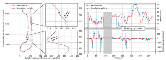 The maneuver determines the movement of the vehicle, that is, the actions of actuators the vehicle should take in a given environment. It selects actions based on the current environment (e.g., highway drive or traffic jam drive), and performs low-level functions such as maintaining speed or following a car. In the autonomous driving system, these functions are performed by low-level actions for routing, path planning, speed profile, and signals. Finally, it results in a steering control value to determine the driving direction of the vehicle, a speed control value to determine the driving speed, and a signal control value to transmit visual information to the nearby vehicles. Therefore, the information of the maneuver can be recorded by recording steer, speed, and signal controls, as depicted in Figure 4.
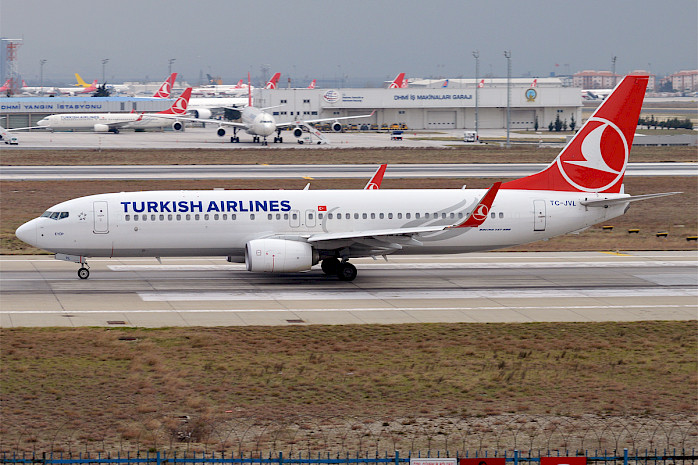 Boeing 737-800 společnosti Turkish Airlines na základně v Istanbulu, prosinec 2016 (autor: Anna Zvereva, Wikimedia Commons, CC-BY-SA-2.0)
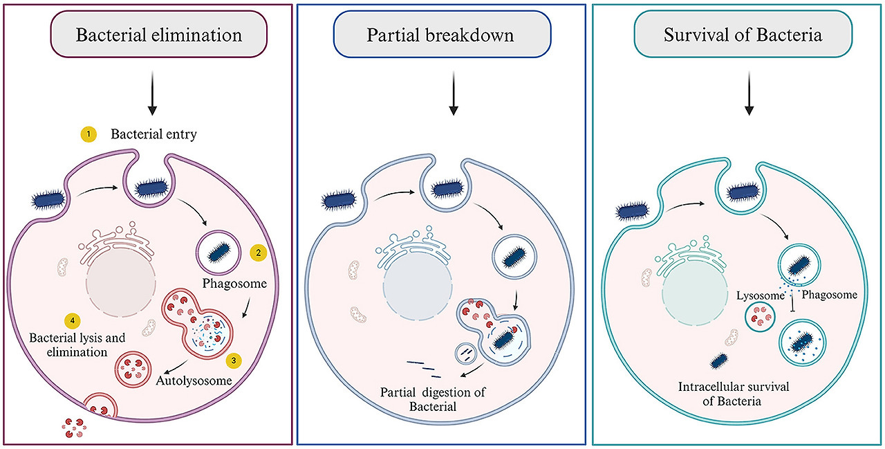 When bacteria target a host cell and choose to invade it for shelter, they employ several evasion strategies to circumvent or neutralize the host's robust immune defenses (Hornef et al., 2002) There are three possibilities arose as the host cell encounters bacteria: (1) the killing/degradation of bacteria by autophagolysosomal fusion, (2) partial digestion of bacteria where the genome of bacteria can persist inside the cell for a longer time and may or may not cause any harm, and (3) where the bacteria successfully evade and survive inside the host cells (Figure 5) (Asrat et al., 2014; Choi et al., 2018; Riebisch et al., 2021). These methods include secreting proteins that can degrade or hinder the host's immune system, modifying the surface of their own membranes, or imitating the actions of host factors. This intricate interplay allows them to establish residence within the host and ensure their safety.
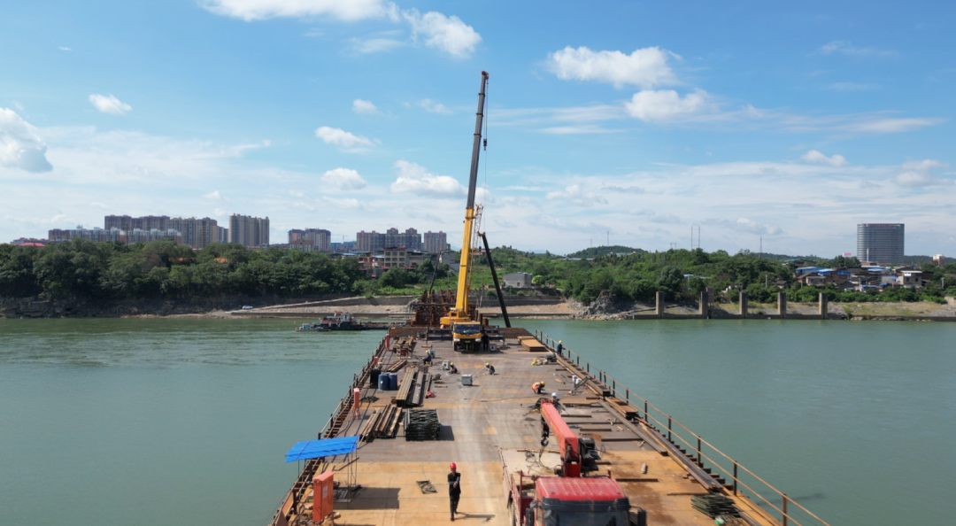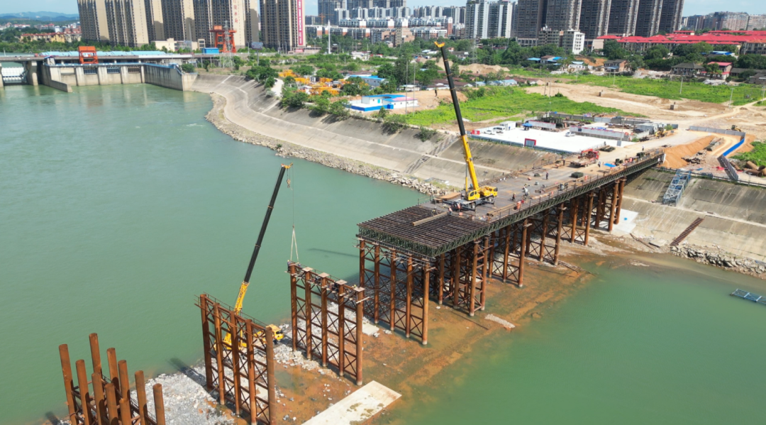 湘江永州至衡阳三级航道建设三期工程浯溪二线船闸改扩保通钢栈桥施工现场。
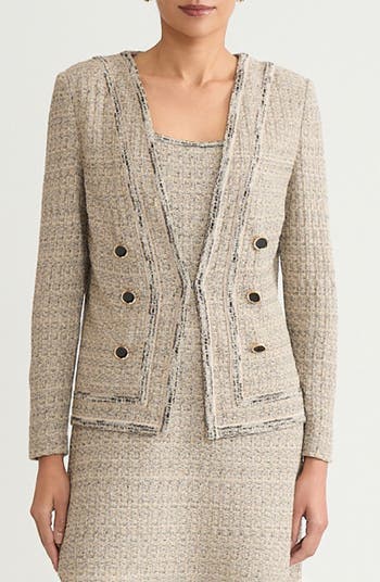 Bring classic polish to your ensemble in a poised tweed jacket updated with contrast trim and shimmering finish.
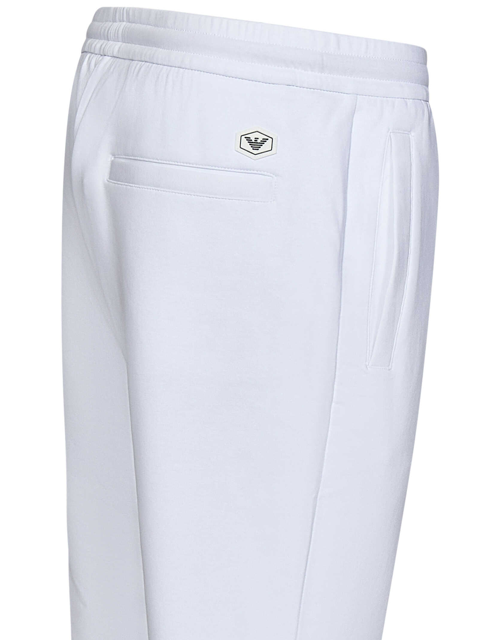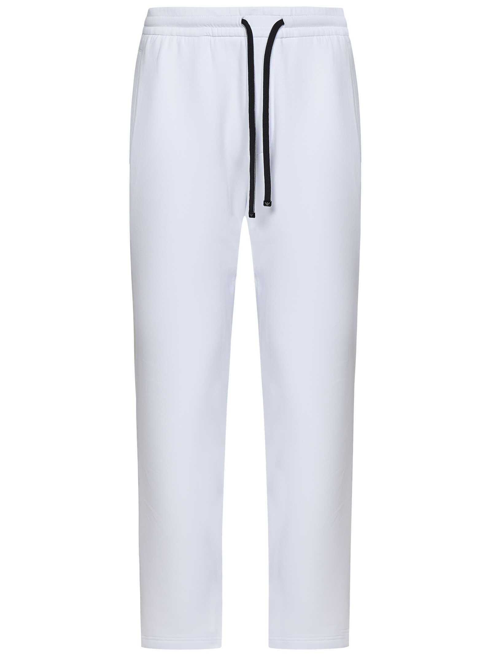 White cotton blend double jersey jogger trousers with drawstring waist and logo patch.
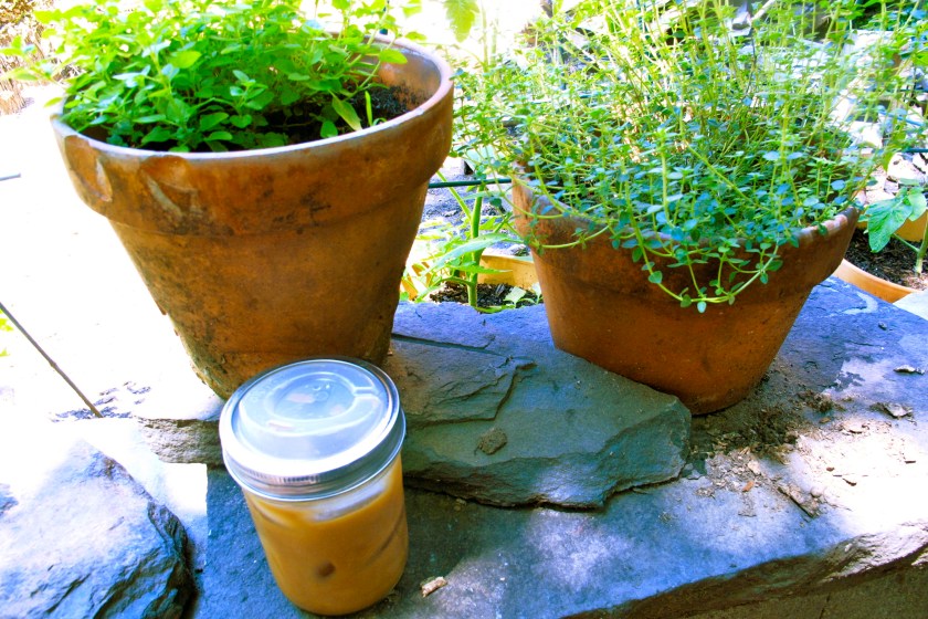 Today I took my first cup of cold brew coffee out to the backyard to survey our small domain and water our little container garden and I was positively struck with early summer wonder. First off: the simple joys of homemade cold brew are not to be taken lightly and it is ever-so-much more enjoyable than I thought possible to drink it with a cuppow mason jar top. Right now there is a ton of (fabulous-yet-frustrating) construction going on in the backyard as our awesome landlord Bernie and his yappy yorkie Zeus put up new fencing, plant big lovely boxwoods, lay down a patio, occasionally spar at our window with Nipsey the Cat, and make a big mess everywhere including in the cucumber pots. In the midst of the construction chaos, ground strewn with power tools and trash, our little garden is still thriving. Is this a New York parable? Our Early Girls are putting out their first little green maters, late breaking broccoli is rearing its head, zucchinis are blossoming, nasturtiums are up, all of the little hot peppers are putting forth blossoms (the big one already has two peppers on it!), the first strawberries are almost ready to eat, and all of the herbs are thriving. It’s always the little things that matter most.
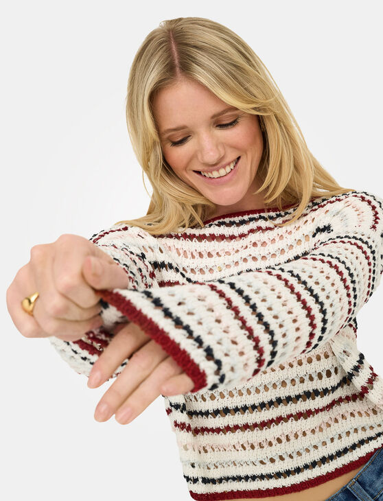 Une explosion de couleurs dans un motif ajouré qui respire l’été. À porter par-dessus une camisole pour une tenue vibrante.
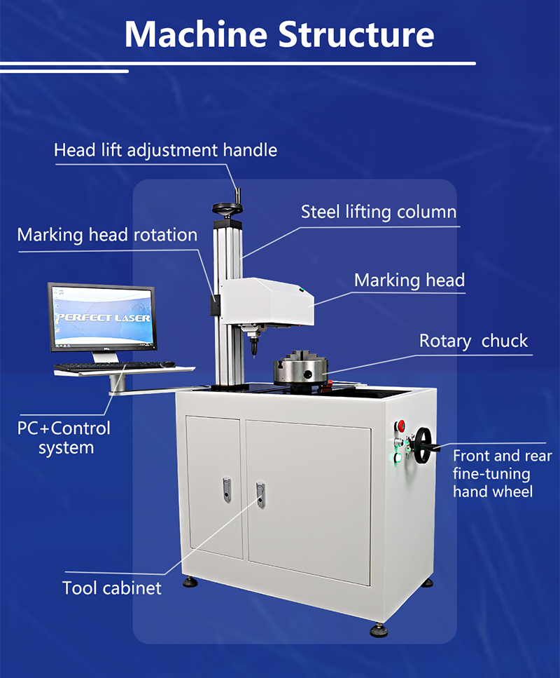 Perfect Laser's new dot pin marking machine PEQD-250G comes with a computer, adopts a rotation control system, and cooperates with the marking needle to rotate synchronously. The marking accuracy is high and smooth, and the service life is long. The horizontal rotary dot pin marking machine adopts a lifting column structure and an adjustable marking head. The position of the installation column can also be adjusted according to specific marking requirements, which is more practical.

--

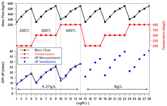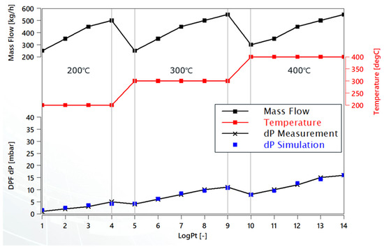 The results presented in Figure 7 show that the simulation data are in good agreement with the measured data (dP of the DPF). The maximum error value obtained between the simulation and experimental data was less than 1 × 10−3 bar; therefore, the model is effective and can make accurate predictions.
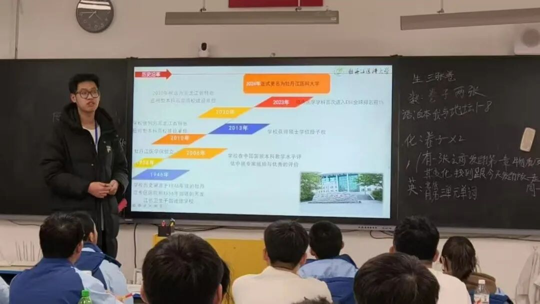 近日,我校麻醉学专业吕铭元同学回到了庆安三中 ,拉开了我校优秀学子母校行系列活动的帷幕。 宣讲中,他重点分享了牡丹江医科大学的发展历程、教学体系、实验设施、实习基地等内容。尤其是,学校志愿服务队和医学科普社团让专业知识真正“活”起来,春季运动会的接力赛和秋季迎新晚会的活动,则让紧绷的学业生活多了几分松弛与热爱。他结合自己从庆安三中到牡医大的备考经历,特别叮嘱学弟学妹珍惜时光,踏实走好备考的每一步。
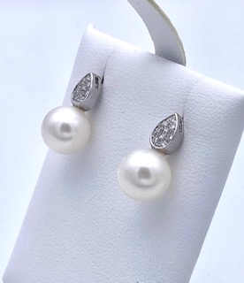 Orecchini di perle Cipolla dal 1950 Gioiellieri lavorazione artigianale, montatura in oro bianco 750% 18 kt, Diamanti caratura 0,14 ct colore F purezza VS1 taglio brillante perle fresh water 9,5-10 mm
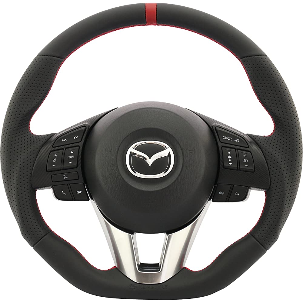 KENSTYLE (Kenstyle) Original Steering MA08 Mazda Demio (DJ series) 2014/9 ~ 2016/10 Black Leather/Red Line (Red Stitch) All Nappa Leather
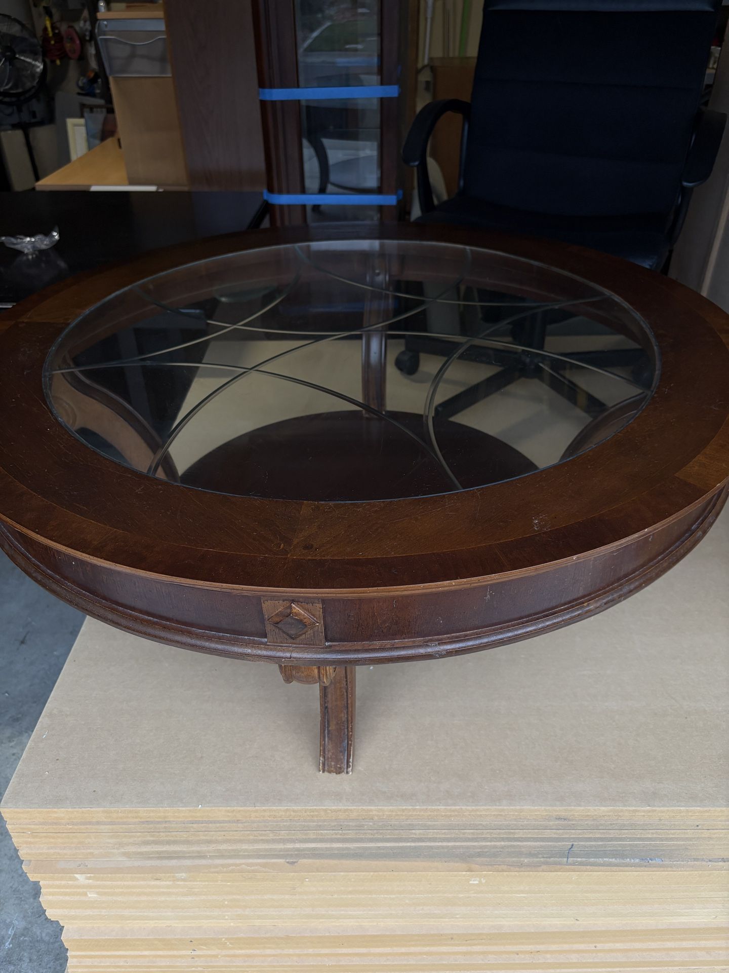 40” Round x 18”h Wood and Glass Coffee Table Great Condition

==

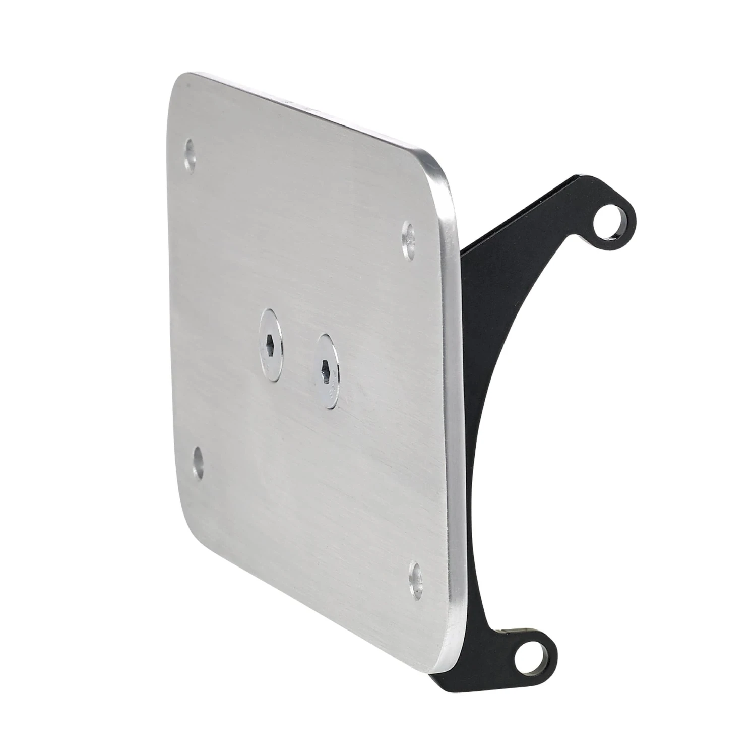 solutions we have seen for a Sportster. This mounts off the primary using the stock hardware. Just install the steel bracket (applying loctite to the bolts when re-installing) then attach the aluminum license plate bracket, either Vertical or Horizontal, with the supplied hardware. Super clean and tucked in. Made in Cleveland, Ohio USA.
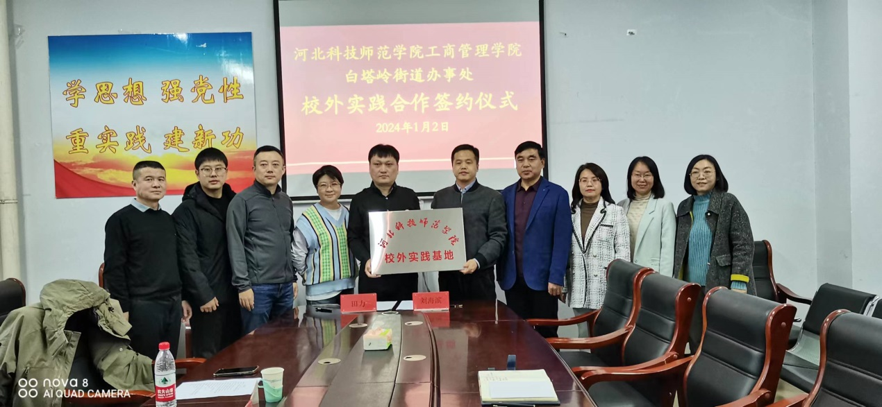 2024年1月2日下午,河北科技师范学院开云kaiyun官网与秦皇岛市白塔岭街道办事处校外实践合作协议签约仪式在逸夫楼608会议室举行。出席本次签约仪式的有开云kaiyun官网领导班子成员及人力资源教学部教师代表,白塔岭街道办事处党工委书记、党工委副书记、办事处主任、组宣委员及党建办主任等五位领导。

AIM OF THE EXERCISE ▸
Beginning at the line that has "The maneuver determines" and ending at the line that has "Boeing 737-800 společnosti", restate the listing above word for word, pictures left out.

THE ANSWER ▸
 The maneuver determines the movement of the vehicle, that is, the actions of actuators the vehicle should take in a given environment. It selects actions based on the current environment (e.g., highway drive or traffic jam drive), and performs low-level functions such as maintaining speed or following a car. In the autonomous driving system, these functions are performed by low-level actions for routing, path planning, speed profile, and signals. Finally, it results in a steering control value to determine the driving direction of the vehicle, a speed control value to determine the driving speed, and a signal control value to transmit visual information to the nearby vehicles. Therefore, the information of the maneuver can be recorded by recording steer, speed, and signal controls, as depicted in Figure 4.
 Boeing 737-800 společnosti Turkish Airlines na základně v Istanbulu, prosinec 2016 (autor: Anna Zvereva, Wikimedia Commons, CC-BY-SA-2.0)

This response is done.